-- Records supplied follows --

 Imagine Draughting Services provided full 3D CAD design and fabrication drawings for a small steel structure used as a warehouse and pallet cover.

-- Records supplied concluded --
-- Records supplied follows --

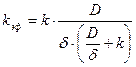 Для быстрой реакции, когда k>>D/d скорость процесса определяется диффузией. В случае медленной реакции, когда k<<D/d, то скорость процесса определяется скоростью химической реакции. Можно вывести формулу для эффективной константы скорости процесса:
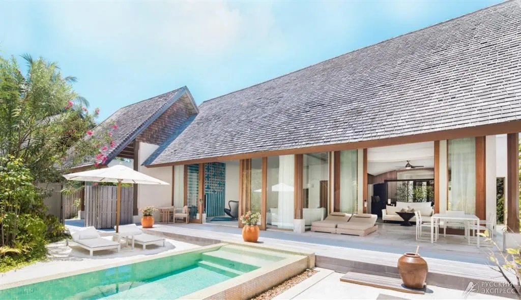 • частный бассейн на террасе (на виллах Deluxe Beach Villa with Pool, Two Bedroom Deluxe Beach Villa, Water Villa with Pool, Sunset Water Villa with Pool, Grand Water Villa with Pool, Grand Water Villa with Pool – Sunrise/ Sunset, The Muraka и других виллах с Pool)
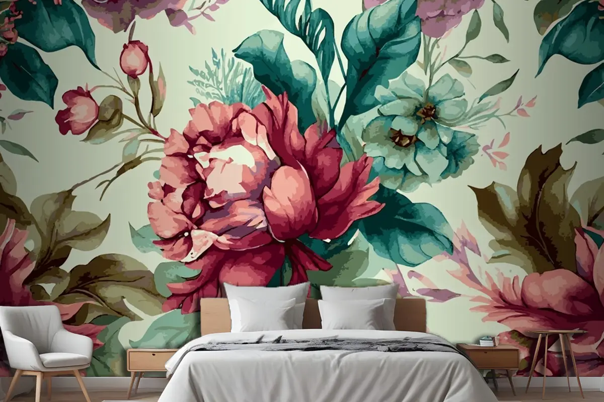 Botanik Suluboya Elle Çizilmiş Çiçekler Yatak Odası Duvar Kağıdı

-- Records supplied concluded --

◆ Exercise objective
In the listing above, find the line with "Для быстрой реакции, когда" and the line with "виллах с Pool)". Copy exactly those lines and all between them, minus the images.

◆ Answer area
 Для быстрой реакции, когда k>>D/d скорость процесса определяется диффузией. В случае медленной реакции, когда k<<D/d, то скорость процесса определяется скоростью химической реакции. Можно вывести формулу для эффективной константы скорости процесса:
 • частный бассейн на террасе (на виллах Deluxe Beach Villa with Pool, Two Bedroom Deluxe Beach Villa, Water Villa with Pool, Sunset Water Villa with Pool, Grand Water Villa with Pool, Grand Water Villa with Pool – Sunrise/ Sunset, The Muraka и других виллах с Pool)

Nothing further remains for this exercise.